'And for the sake of this sentimental folly you conjure up a frightful danger, a danger which threatens ruin both to yourself and your son. Do not these features speak clearly enough? Formerly, when Edmund was a child, the likeness was not so striking, so extraordinary; but now that he is nearly of the same age as ... as the other, it is positively damning. Your imprudence has cost you a lesson, however, and a hard one. You know into whose hands the picture fell?'

'I have known since yesterday evening. My God, what will come to us now?'

'Nothing,' said Heideck coldly. 'The fact of his surrendering it is ample proof of that. Oswald is too good a lawyer not to know that a mere likeness is no evidence, and that a charge cannot be founded on such testimony. Still, it was a generous act to give it back. Another man would have held possession of it, if only to harass and torment you. That picture must be destroyed.'

'I will destroy it,' said the Countess.

'No, I will do that myself,' retorted her brother, replacing the little case carefully in his pocket. 'I rescued you once from a very real danger, Constance; now I must stand between you and the remembrance of it, which may be almost as fatal.

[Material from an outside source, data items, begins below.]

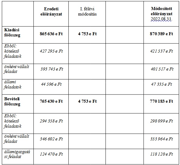 1. § (1) A Képviselő-testület a 2022. évi költségvetésének előirányzatait az alábbiak szerint állapítja meg:
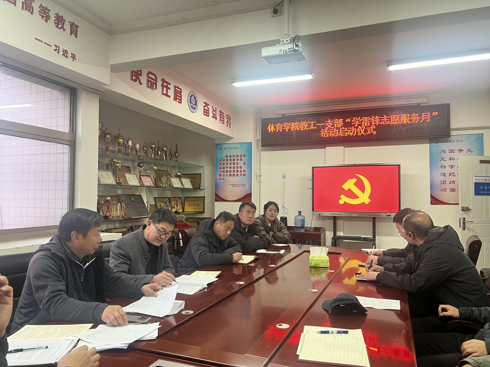 本网讯(段立军/文 孟军/图)3月5日,体育学院教工第一党支部举行学雷锋志愿服务月启动仪式,全体党员教师参加会议。
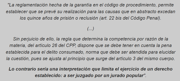Quizás esto es lo más importante (además de la claridad de los artículos): «no podés hacer una interpretación restrictiva, que limite el juicio por jurados». Al fin y al cabo es un derecho del acusado ¿no?

That ghost has been buried for years. Do not let it rise up again, or the whole fortune and happiness of Ettersberg may be wrecked. This unfortunate souvenir must disappear to-day. Edmund must have no more suspicion of the secret than his father had before him.'

Involuntarily he raised his voice as he pronounced these last words, but he ceased speaking suddenly, for at that very moment the door which led into the adjoining room was thrown open, and Edmund appeared on the threshold.

'What am I not to suspect?' he asked with quick vehemence.

The young Count had naturally not supposed that his mother's prohibition of admittance extended to himself. He had crossed the anteroom softly, fearing to disturb her. The closed doors and the subdued tone in which the conversation had been carried on made it well-nigh impossible that he should have overheard more than his uncle's last words. The expression of his face bore proof of this. It betokened astonishment, but no fear.

Nevertheless, the Countess bounded from her seat with a terrible start, and it required a mute but significant gesture of warning from her brother, a pressure of his hand upon her shoulder, to give her back her self-control.

'What is it I am not to suspect?' repeated Edmund, as he came quickly towards them. He addressed his question to the Baron.